RECORDED INFORMATION →
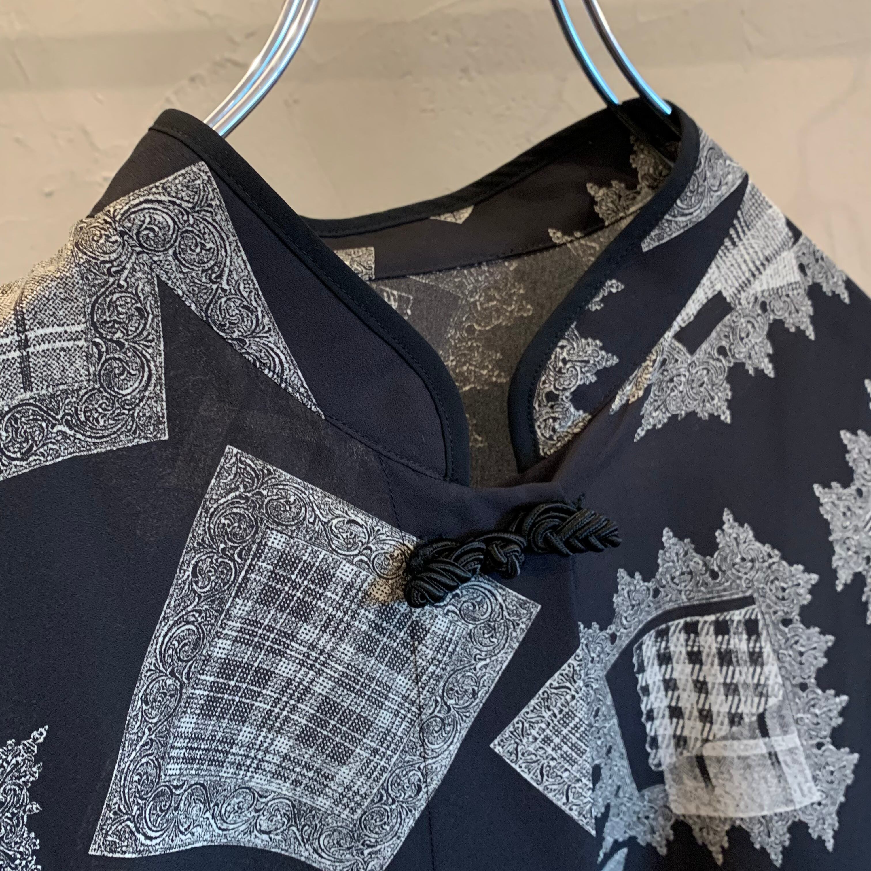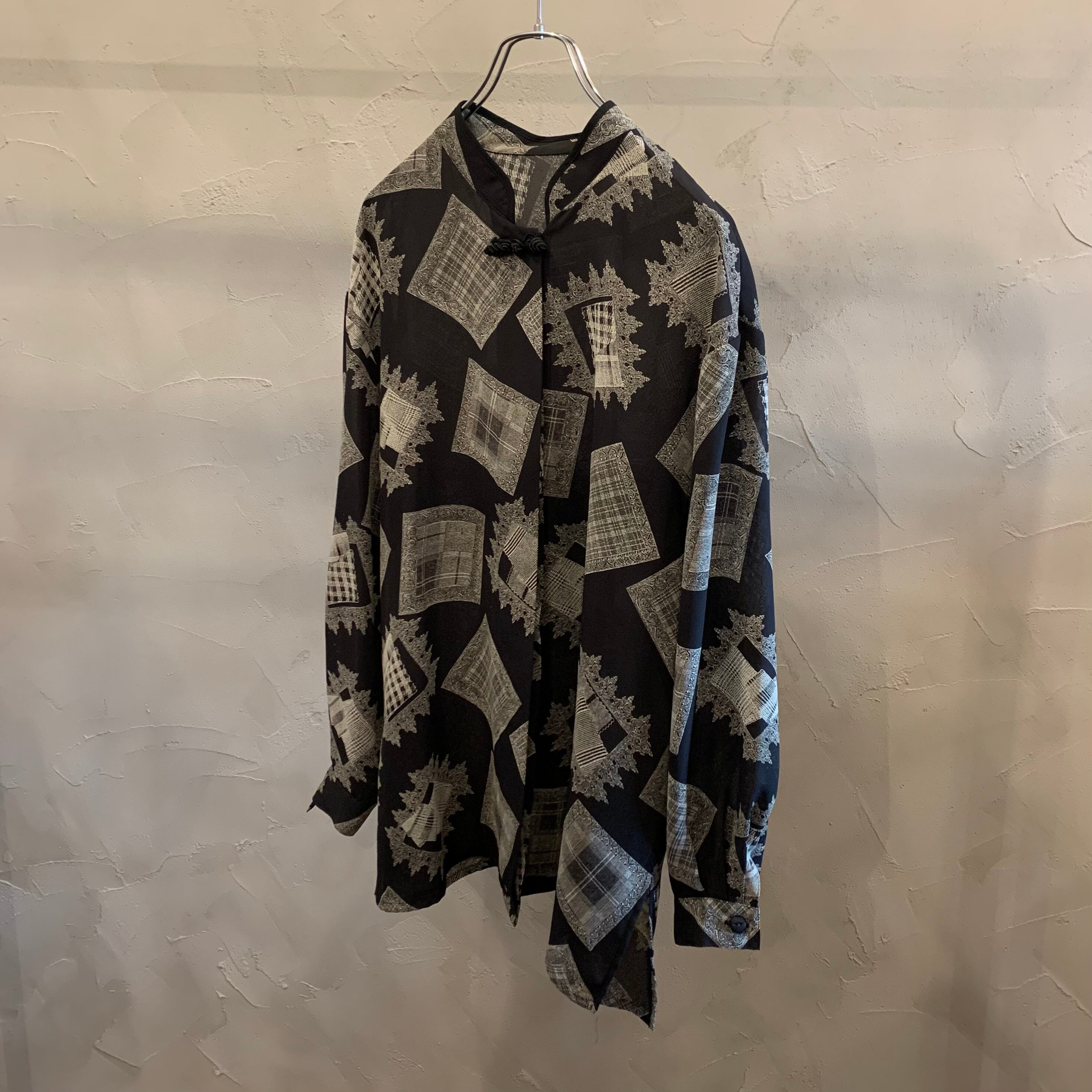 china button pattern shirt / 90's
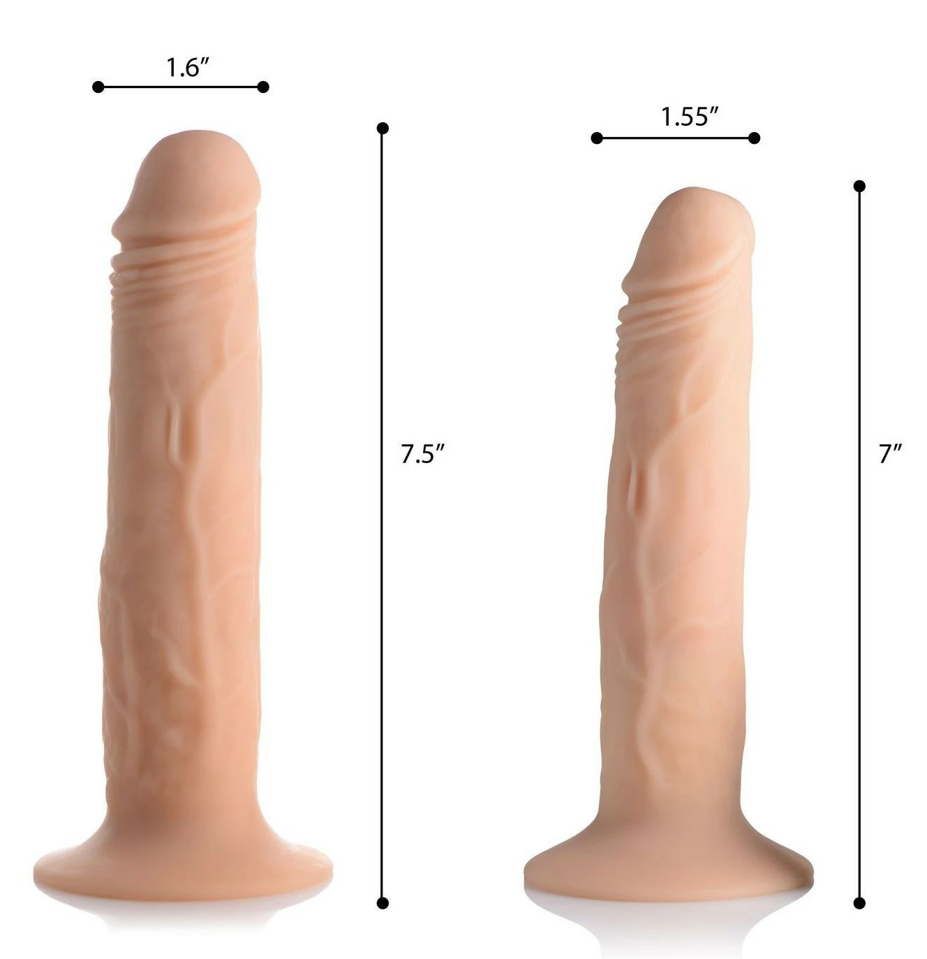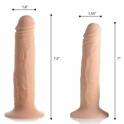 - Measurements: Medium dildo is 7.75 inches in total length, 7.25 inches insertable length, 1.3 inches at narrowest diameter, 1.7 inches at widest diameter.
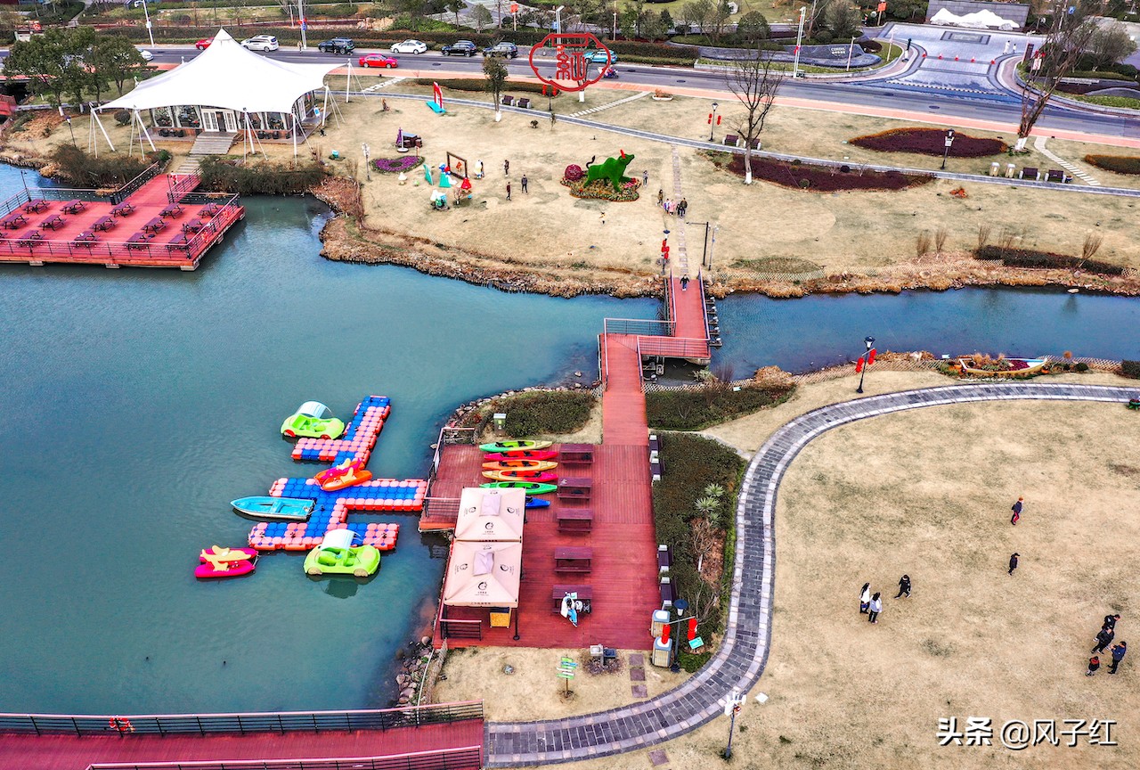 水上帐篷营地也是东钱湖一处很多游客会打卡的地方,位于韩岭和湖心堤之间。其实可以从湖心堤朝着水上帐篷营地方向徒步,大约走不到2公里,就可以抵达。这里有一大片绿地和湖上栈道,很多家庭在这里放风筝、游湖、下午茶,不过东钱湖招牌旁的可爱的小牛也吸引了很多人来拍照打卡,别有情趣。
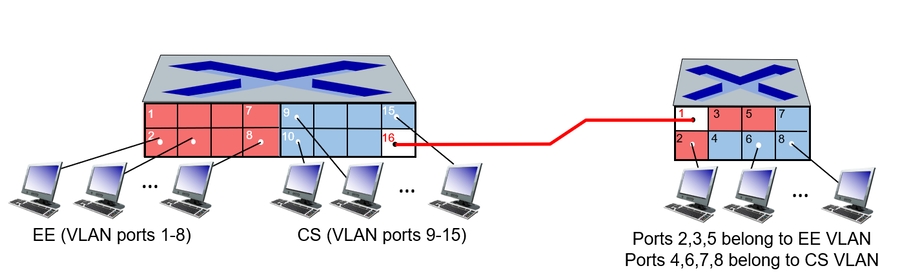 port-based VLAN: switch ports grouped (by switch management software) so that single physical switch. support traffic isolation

INSTRUCTIONS TO FOLLOW → Give back the listing unchanged. Strip out the pictures.

RESULT OF THIS EXERCISE →
 china button pattern shirt / 90's
 - Measurements: Medium dildo is 7.75 inches in total length, 7.25 inches insertable length, 1.3 inches at narrowest diameter, 1.7 inches at widest diameter.
 水上帐篷营地也是东钱湖一处很多游客会打卡的地方,位于韩岭和湖心堤之间。其实可以从湖心堤朝着水上帐篷营地方向徒步,大约走不到2公里,就可以抵达。这里有一大片绿地和湖上栈道,很多家庭在这里放风筝、游湖、下午茶,不过东钱湖招牌旁的可爱的小牛也吸引了很多人来拍照打卡,别有情趣。
 port-based VLAN: switch ports grouped (by switch management software) so that single physical switch. support traffic isolation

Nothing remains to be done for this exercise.